Título original: Human Society in Ethics and Politics
Editorial: Altaya, S.A. 1998.


ÍNDICE

PREFACIO

INTRODUCCIÓN

PRIMERA PARTE: LA ÉTICA

CAPÍTULO I: Orígenes de las creencias y sentimientos éticos

CAPÍTULO II: Códigos morales

CAPÍTULO III: La moralidad como medio

CAPÍTULO IV: Lo bueno y lo malo

CAPÍTULO V: Bienes parciales y generales

CAPÍTULO VI: La obligación moral

CAPÍTULO VII: El pecado

CAPÍTULO VIII: Controversia ética

CAPÍTULO IX: ¿Existe un conocimiento ético?

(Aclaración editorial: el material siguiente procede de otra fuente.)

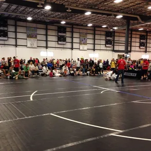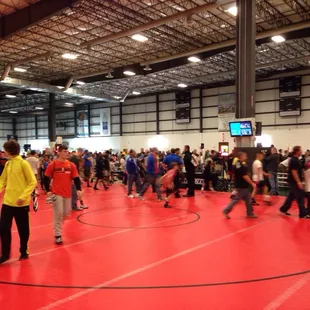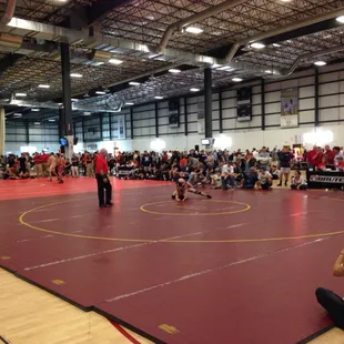 This an impressive multi-purpose recreation and league sports epicenter for all ages with plenty of free parking. On the left of the main entrance desk lies 4 indoor turf fields for soccer, flag football or nerf battles; to the right are 8 simultaneous regulation volleyball games or 4 full court basketball games or any combination of the two. There are metal bleachers for spectators on every court.Restrooms are in the middle of the building; a CHKD athletic trainer sits behind that section followed by a snack bar and seating area with 3 catv projection screens. Upstairs, there's a pretty cool kids play area with slides, another turf field, restrooms and stadium views of the entire facility. They even have outdoor sand courts.For us, refs have been hit and miss, not helped by 2 inoperable scoreboards, but acceptable for this level of play. While I lust over having a facility like this closer to home, there's a definite LACK OF SECURITY. Maybe they have cameras (?) but no visible force or even scrutiny upon people entering or exiting. This is of extreme concern especially considering the amount of children present.

CAPÍTULO X: La autoridad en la ética

CAPÍTULO XI: Producción y distribución

CAPITULO XII: Ética supersticiosa

CAPÍTULO XIII: Sanciones éticas


SEGUNDA PARTE: EL CONFLICTO DE LAS PASIONES

CAPÍTULO I: De la ética a la política

CAPÍTULO II: Deseos políticamente correctos

CAPÍTULO III: Previsión y habilidad

CAPÍTULO IV: Mito y magia

CAPÍTULO V: Cohesión y rivalidad

CAPÍTULO VI: La técnica científica y el futuro

CAPÍTULO VII: ¿Resolverá la fe religiosa nuestros problemas?

CAPÍTULO VIII: ¿Conquista?

CAPÍTULO IX: Hacia una paz estable

CAPÍTULO X: Prólogo o epílogo

 

 

PREFACIO

Los nueve primeros capítulos de este libro fueron escritos entre 1945 y 1946, el resto en 1953, excepto el capítulo II de la 2ª parte que fue la conferencia que di en Estocolmo con motivo de la entrega del Premio Nobel de Literatura. En un principio había pensado incluir la discusión sobre la ética en mi libro Human Knowledge (1), pero decidí no hacerlo porque no estaba seguro de en qué sentido la ética puede ser considerada como “conocimiento”.

Este libro tiene dos propósitos: primero, exponer una ética no dogmática; y segundo, aplicar esta ética a varios problemas políticos actuales. No hay nada de excesivamente original en el sistema ético desarrollado en la primera parte de este libro, y no estoy seguro de que hubiera pensado que valía la pena exponerlo de no ser por el hecho de que, cuando hago juicios éticos sobre cuestiónes políticas, los críticos me dicen constantemente que no tengo derecho a hacerlos, ya que no creo en la objetividad de los juicios éticos. No creo que esta crítica sea válida, pero demostrar que no es válida requiere un cierto desarrollo que en modo alguno puede ser breve.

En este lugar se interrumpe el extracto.